# Bees foraging heavily on my lacebark elm



## markmaster (Jan 21, 2010)

Sounds great! I need to look around for this tree. I wonder if it will do well in my area?


----------



## Michael B (Feb 6, 2010)

All elms are honeydew plants for bees. When there is not much else for them they make "dew" with honeydew instead of nectar.


----------



## kspruiet (Sep 6, 2010)

It has been two weeks or more of heavy foraging still. It appears to me that most honey bees are gathering pollen-light yellow- than filling their crops-at least that is what is on the bees and what returning foragers are carrying. I inspected closely for ants or aphids which would yeild the honeydew and have not seen any. The bees are in the remaining bloosoms from sunrise to sunset even on cool (60F) evenings. I will check colonies soon for fresh incoming nectar (or honeydew), but doubt it...it is very dry here and mainly goldenrod which the bees work here (central ILLINOIS) infrequently-unless it is stiff goldenrod which we don't have close by until I can find some seed to plant. Frost aster is just beginning to bloom here.


----------



## ZZZnature (Jul 17, 2008)

kspruiet said:


> It happens every year at this time...I walk out in the yard and hear what must be a swarm. Honey bees were all over my lacebark elm tree (Ulmus parvifolius). This is happening at a time of the season when there isn't alot out there for them here in central Illinois. Pollen for sure and possibly nectar. This is a nice tree, not like other elms, dropping branches with every wind. Definitely collecting seed this year for propagation. That is how I started this one years ago.


Would you be willing to share some of the seeds?
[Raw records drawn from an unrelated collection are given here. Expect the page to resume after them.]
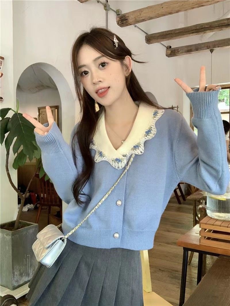 2023夏季新款蕾丝刺绣花边领重工针织开衫女精致珍珠扣甜美上衣潮
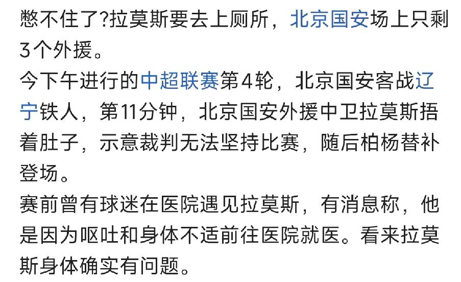 北京国安队外援伤的真夺怪! 中超联赛第四轮,北京国安队来自德甲汉堡队的外援后卫拉莫斯,开局十分钟就因脚踝扭伤下场。 更有球迷调侃:憋不住了?拉莫斯要去上厕所,北京国安场上只剩3个外援,见图三! 另外,北京国安队的中场核心达万,有痔疮,担心北京的医疗水平,特意飞回巴西手术,结果术后感染,缺席多场中超比赛…… 达万、拉莫斯离奇伤缺,对北京国安队争夺本赛季联赛冠军的影响非常的大! 希望北京国安俱乐部在管理外援方面,还是要更职业一些! 北京国安
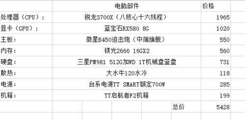 以下是适用于AMD党的中端配置,预算6000以内,可在1080P下流畅运行3A大作:
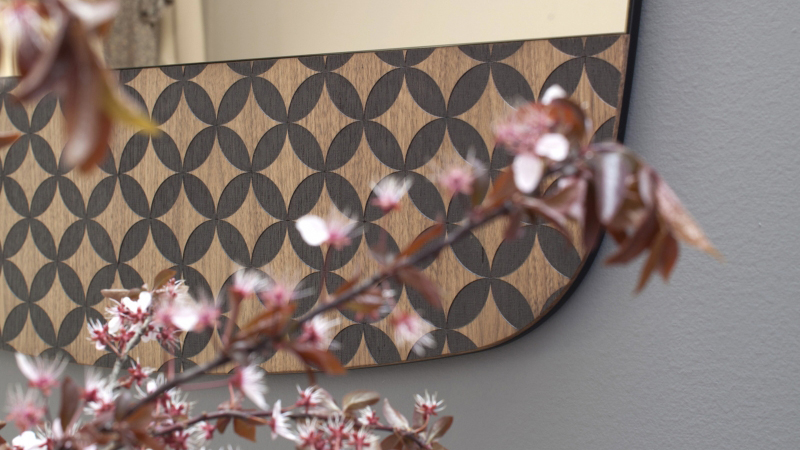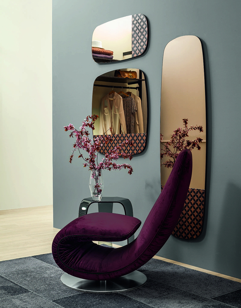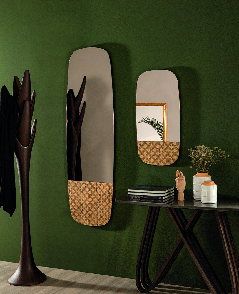 A peculiar cut and a unique shape, breaking to add a new space - other than the mirror - to the structure`s pattern. Wood comes out enrichened, and its marriage with bronzed, or silver mirrors, makes Marguerite a one-ok-a-kind piece.
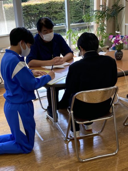 ① 2年生 今月末に行われる職場体験学習に向けて事前学習が進められています。この日は,職場体験先へ打合せのために電話をかけました。
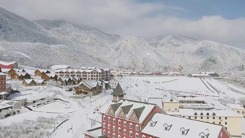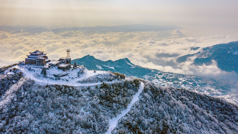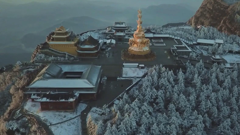 【“飞阅”中国】春雪落峨眉 阳光照金顶
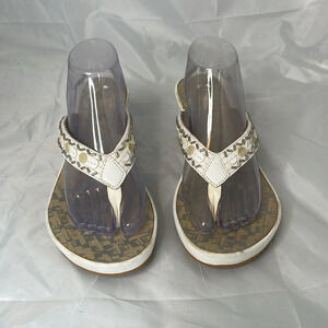 Women’s white Clarks Platform Wedge Thong Sandals.

I would like to plant some.

Thanks


----------



## kspruiet (Sep 6, 2010)

The honey bees pollinated well and the tree is loaded with small seeds. They are still green, but I intend to collect when they ripen.


----------



## fhlowrimore (Jun 19, 2009)

I am interested in your lacebark elm seeds. Please let me know when you have collected your seeds. 
Thanks, Henry


----------



## John67x (Sep 26, 2010)

I would also be interested if you have seed available.


----------



## AstroBee (Jan 3, 2003)

Can you post a picture of how the bees are foraging on this tree??


----------